Only text is carried over. Reproduce the entries below exactly.

═══ EXTRACTED ENTRIES

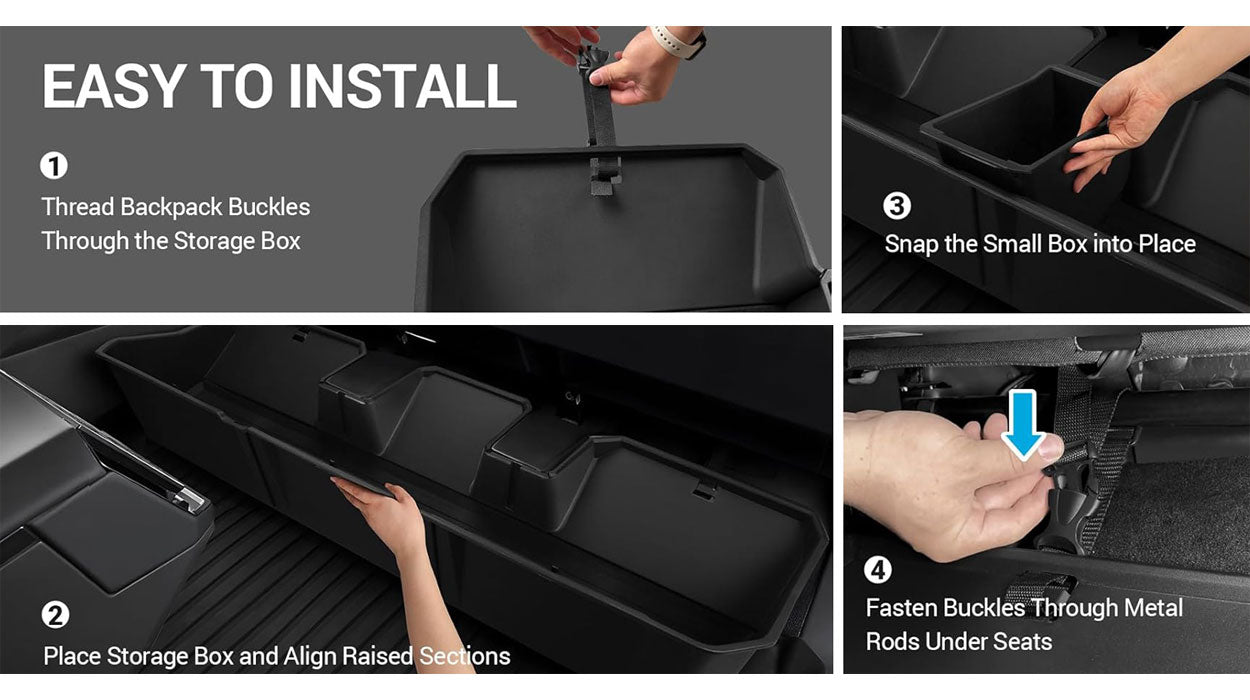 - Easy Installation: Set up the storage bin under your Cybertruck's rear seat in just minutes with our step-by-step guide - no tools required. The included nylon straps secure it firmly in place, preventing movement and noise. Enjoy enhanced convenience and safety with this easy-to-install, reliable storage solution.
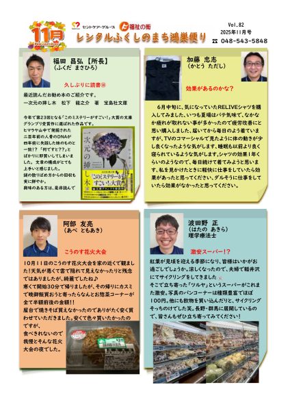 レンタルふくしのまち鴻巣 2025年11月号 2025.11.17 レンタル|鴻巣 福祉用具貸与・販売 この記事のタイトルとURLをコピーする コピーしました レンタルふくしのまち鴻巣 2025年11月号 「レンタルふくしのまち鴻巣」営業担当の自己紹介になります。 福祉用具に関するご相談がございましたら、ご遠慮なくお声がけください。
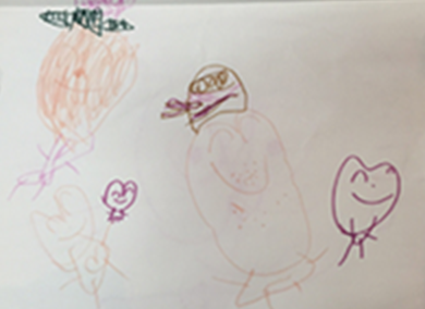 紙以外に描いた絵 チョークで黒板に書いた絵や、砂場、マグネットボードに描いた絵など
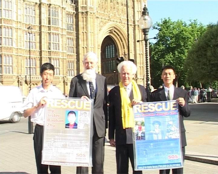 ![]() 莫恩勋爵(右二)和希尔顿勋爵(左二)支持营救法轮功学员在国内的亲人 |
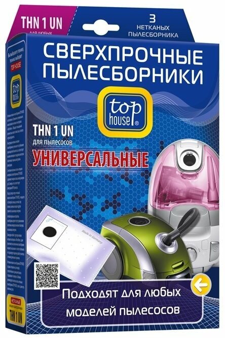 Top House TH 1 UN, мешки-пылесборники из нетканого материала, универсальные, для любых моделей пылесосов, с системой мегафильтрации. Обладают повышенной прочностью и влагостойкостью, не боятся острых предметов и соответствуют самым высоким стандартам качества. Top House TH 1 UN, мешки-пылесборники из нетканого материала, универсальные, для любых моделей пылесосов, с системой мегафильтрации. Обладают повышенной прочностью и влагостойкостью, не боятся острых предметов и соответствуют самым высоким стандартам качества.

══════

EXERCISE RESULT:
 - Easy Installation: Set up the storage bin under your Cybertruck's rear seat in just minutes with our step-by-step guide - no tools required. The included nylon straps secure it firmly in place, preventing movement and noise. Enjoy enhanced convenience and safety with this easy-to-install, reliable storage solution.
 レンタルふくしのまち鴻巣 2025年11月号 2025.11.17 レンタル|鴻巣 福祉用具貸与・販売 この記事のタイトルとURLをコピーする コピーしました レンタルふくしのまち鴻巣 2025年11月号 「レンタルふくしのまち鴻巣」営業担当の自己紹介になります。 福祉用具に関するご相談がございましたら、ご遠慮なくお声がけください。
 紙以外に描いた絵 チョークで黒板に書いた絵や、砂場、マグネットボードに描いた絵など
 ![]() 莫恩勋爵(右二)和希尔顿勋爵(左二)支持营救法轮功学员在国内的亲人 |
 Top House TH 1 UN, мешки-пылесборники из нетканого материала, универсальные, для любых моделей пылесосов, с системой мегафильтрации. Обладают повышенной прочностью и влагостойкостью, не боятся острых предметов и соответствуют самым высоким стандартам качества. Top House TH 1 UN, мешки-пылесборники из нетканого материала, универсальные, для любых моделей пылесосов, с системой мегафильтрации. Обладают повышенной прочностью и влагостойкостью, не боятся острых предметов и соответствуют самым высоким стандартам качества.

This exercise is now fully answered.